S.C. Democrats join their colleagues in Charlotte
CHARLOTTE — The day before the Democratic Party gathers here to nominate President Barack Obama for a second term, they threw a street party.
DNC on TV and Web
Live, streaming video coverage on the Web:
http://www.demconvention.com/live/
Today’s network coverage of the Democratic National Convention:
7 p.m.
CNN, MSNBC
8 p.m.
PBS
10 p.m.
WCBD (NBC), WCIV (ABC), WCSC (CBS), Fox News Channel
Many of the 62 delegates from South Carolina joined hundreds of others and regular people from this metro area and beyond for Carolina Fest, a street festival that filled up about 10 blocks of Tryon Street with stages, food and souvenir vendors, protesters and onlookers.
Brady Quirk-Govan, a Charleston investment adviser attending his first convention, said he appreciated the diverse crowd at the event.
“We were walking through, and it looked just like America,” he said.
Alexa Graves, a student from Rock Hill, took some video of an animated protester.
“So far, it’s been entertaining,” she said. “I’m a Democrat, so this is my kind of thing.”
Delegate Kaye Koonce of Charleston spent a little time wandering around the street festival, including a stop by the Google pavilion that featured a car that drives itself.
“I don’t understand how it works, but that’s OK,” she said. “I don’t understand how my television set works either.”
Today, the show shifts inside Time Warner Cable Arena, where first lady Michelle Obama, Rep. Jim Clyburn, D-S.C., and others will address delegates and get down to business.
The issues on the minds of South Carolina delegates — jobs and the economy — probably differ little from what others in the hall will be thinking about, Charleston County Democratic Party Chairman Richard Hricik said.
“Before Barack Obama took office, we were losing jobs at a rate of 600,000 a month,” he said, adding the nation has seen private sector job growth every month for more than two years. “He (Obama) is a success. People say, are you better off than four years ago?
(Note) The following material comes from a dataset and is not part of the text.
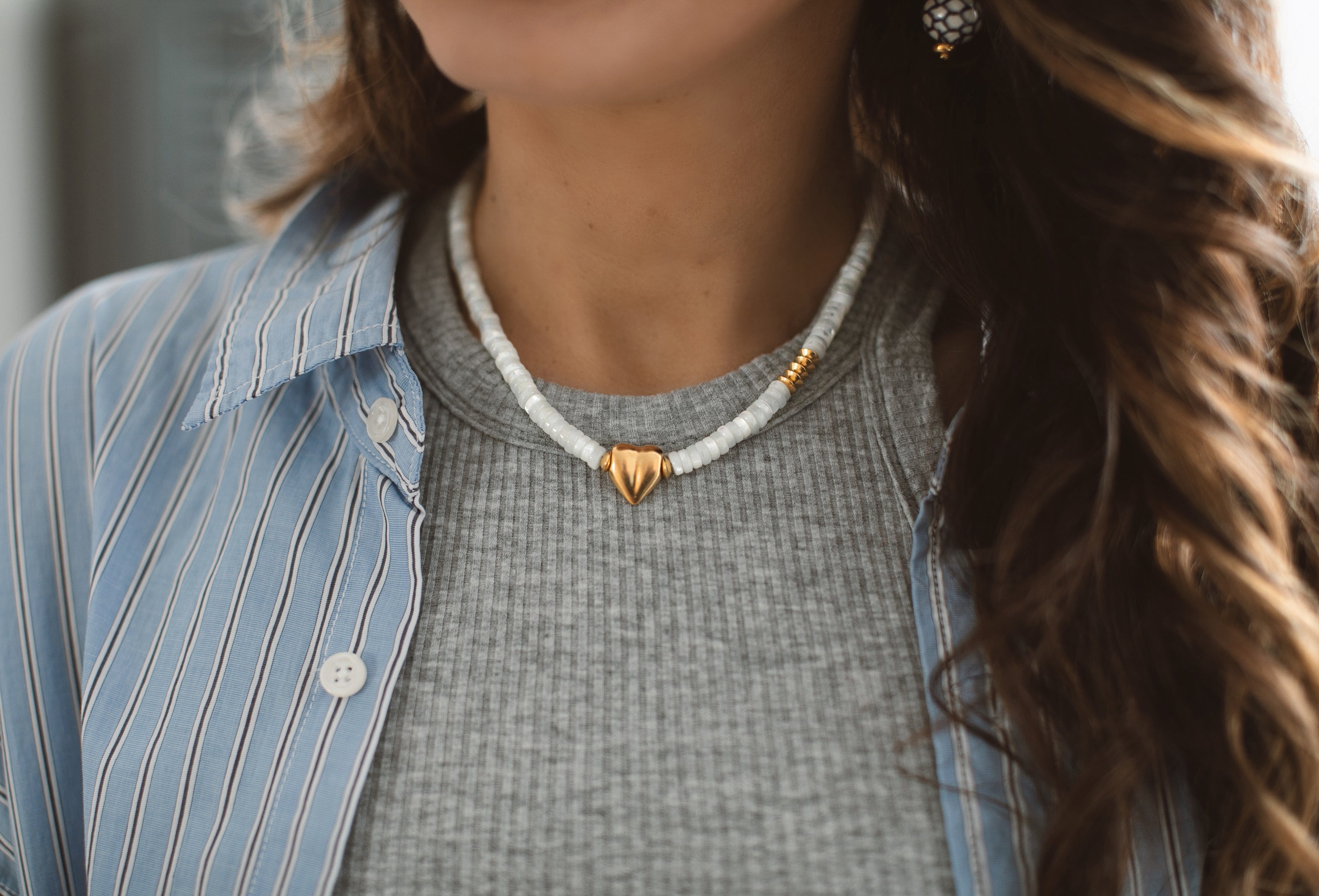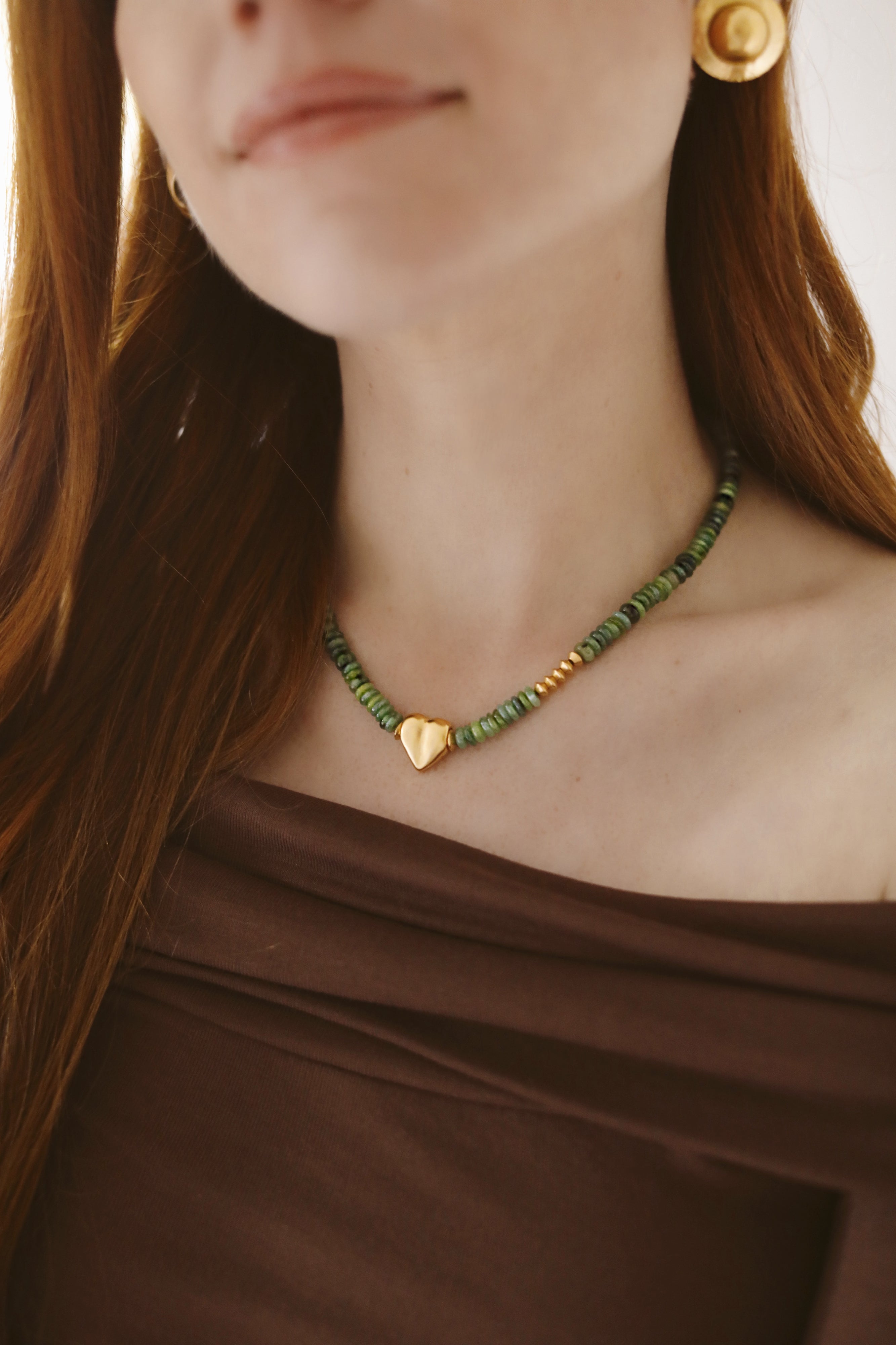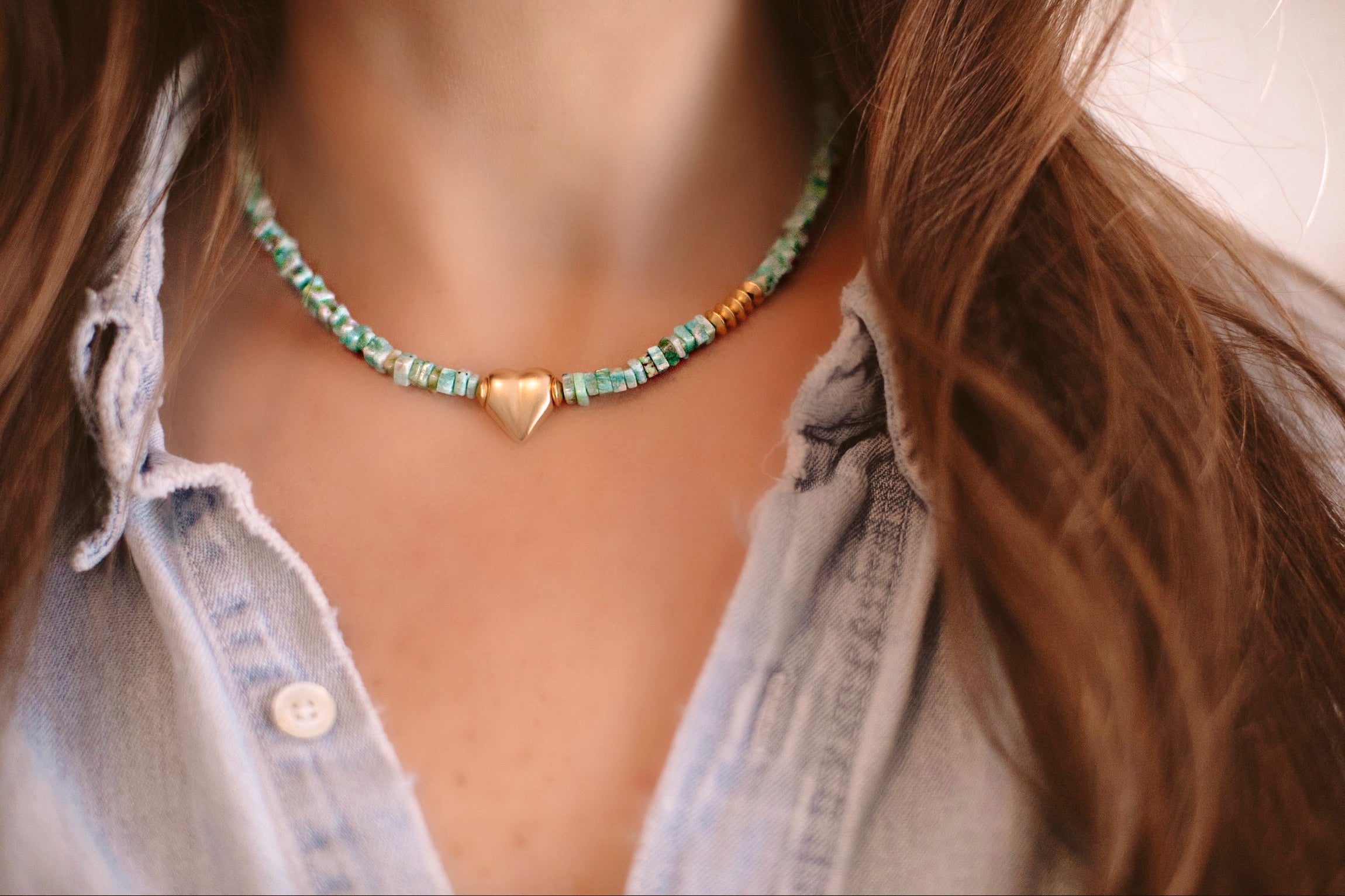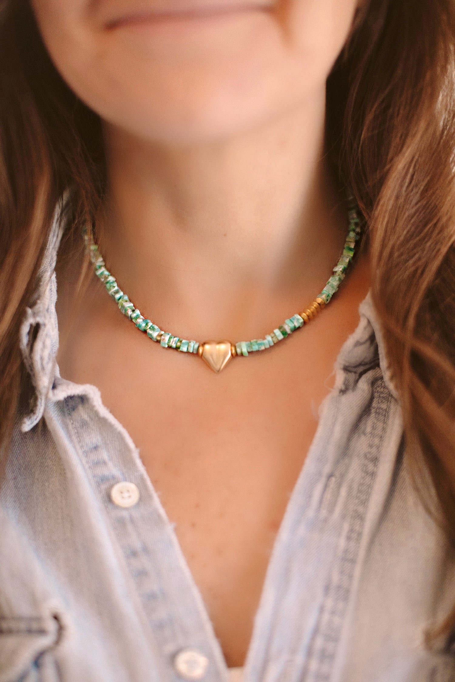 - A strand of hand cut multi gemstone rondelle beads, MOP Heishi beads, Amazonite gemstone beads or Jade gemstone beads adorned with a 24k antique gold plated heart bead and disc beads

Absolutely.”
But Republican National Committeeman Glenn McCall, who lives near Charlotte and visited here Monday to talk to students, had doubts.
“This is the issue: Are Americans better off (than they were before Obama)? And I would say in my family, we have many who are not better off,” he said, noting several of them are looking for jobs, and even he has faced headwinds trying to launch a consulting business.
Delegate Ginny Deerin of Charleston, who ran Mayor Joe Riley’s successful re-election campaign last fall, said the nation is better off than it was four years ago, when its economy appeared to be nearing collapse.
Deerin said delegates and voters across the country want an understanding of what’s next.
“I think people get that things have turned around and that President Obama has pulled the cart out of the ditch,” she said, “but I think they want to know what are the next steps? Where are we going now that we’ve stabilized the patient? I think they’re also looking for some positivity.”
The success of Obama and his slate of convention speakers will decide how motivated South Carolina delegates are to work to elect him — and other Democrats — during the next two months.
Many of them don’t expect to work as much in South Carolina, which is widely expected to go for Republican Mitt Romney, than in North Carolina, which polls show is leaning toward Romney but still could swing into Obama’s column.